HUANG Yuqi, YANG Xiaoxia, YANG Ronghao , LIAO Fangzhou, YAN Le, GUO Junqiang, LI Minghan
Accepted: 2025-10-30
Object detection for autonomous driving perception aims to locate and identify traffic participants such as motor vehicles, non-motor vehicles, and pedestrians within onboard camera views in real time, providing accurate input for the environmental perception module to support decision-making and control in autonomous driving systems. The perception system suffers from false and missed detection rates due to complex road backgrounds, diverse object shapes, and large scale variations. Specific challenges include low accuracy in detecting deformed objects, insufficient multi-scale detection, and weak global perception. To address these issues, an improved algorithm named YOLOv8-DDL based on YOLOv8n is proposed.
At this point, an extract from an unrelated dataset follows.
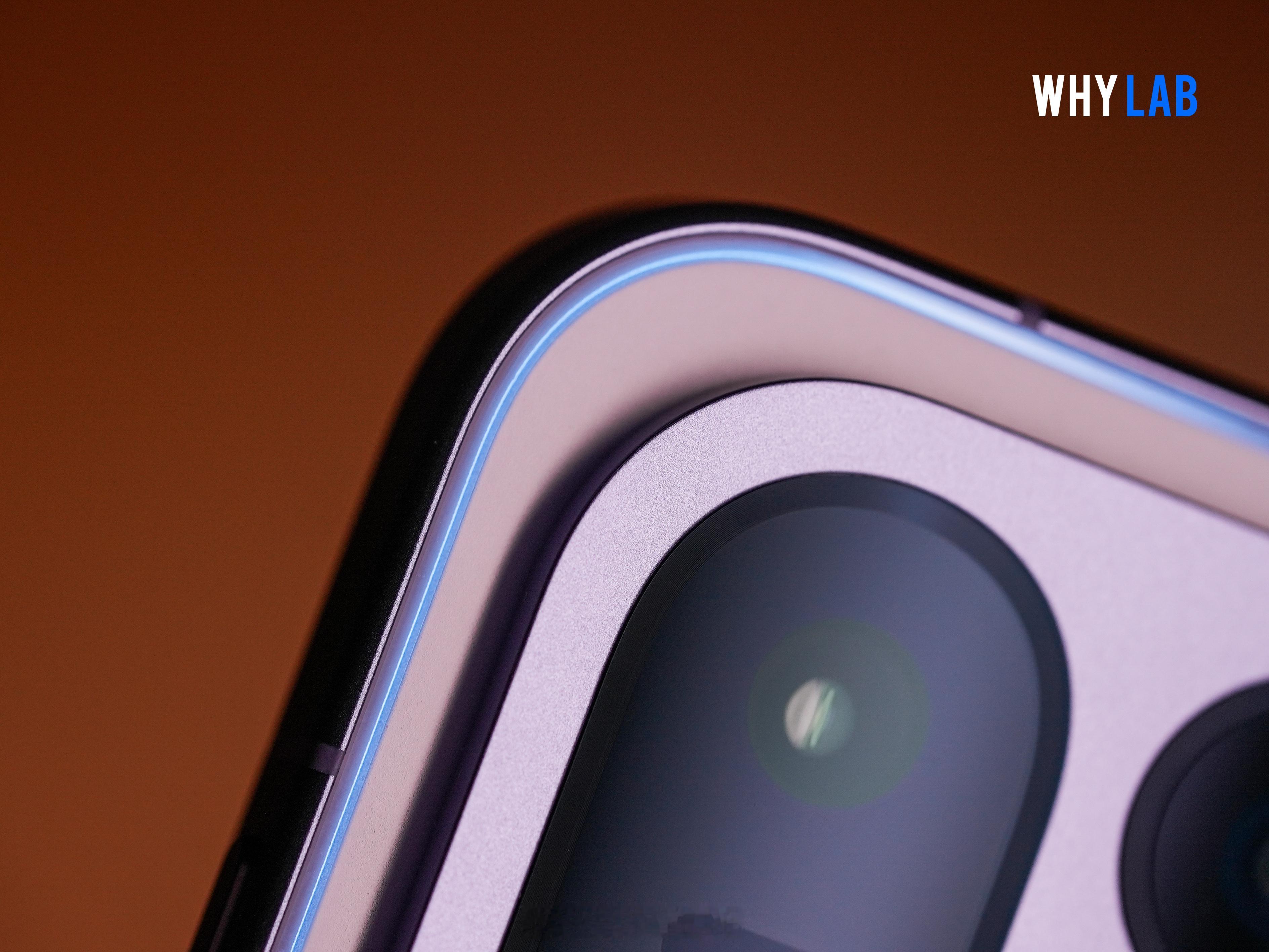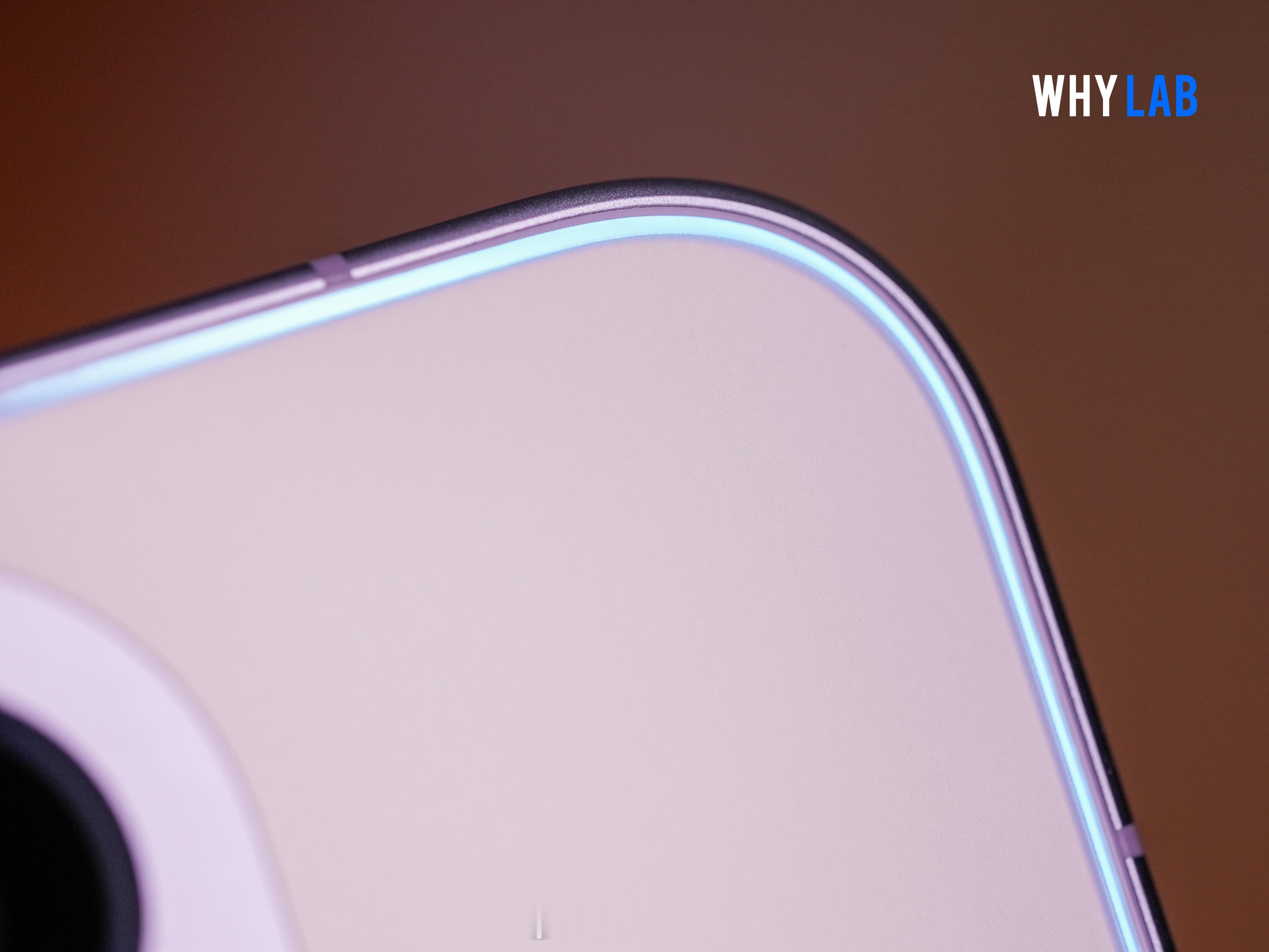虽然不是新鲜色,但这个「雾光紫」做的也很有意思,首发双维流光工艺,手机在倾斜时能够产生流动的白蓝色光束轨迹,电池盖四周有一圈类似唤出小布助手时的光圈,细节非常值得细品。
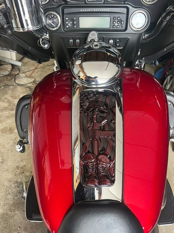 Custom built Harley console insert for 08+ Ultra/Electra glide touring console insert 3D Soldiers cross. Can do any design, color combination or style of bike. These are individually built and designed for the customer. These take about 3 weeks to build. We will verify information after the order is placed. Contact us if you have any questions or special requests.

First, deformable attention is introduced to improve the C2f module in the backbone network, which dynamically learns feature offsets to enhance the capture capability for various object shapes in traffic scenes, improving the model's adaptability to complex spatial distributions and effectively reducing false detections. Second, large separable kernel attention is integrated to enhance the spatial pyramid pooling fast module, expanding the receptive field through large-kernel convolution to strengthen global context modeling and robustness in complex backgrounds. Finally, a dynamic multi-scale adaptive fusion module and a dynamic feature pyramid network are designed to reconstruct the neck network, dynamically fusing high-level and low-level features to enhance multi-scale feature representation and improve multi-scale object detection performance. Experimental results on the public SODA10M dataset show that compared to YOLOv8n, YOLOv8-DDL improves precision, recall, F1-score, and mean average precision by 5.9%, 1.3%, 3%, and 1.5%, respectively. Additional validation on the public BDD100K dataset confirms improvements of 2%, 0.6%, 1%, and 2% in these metrics, respectively.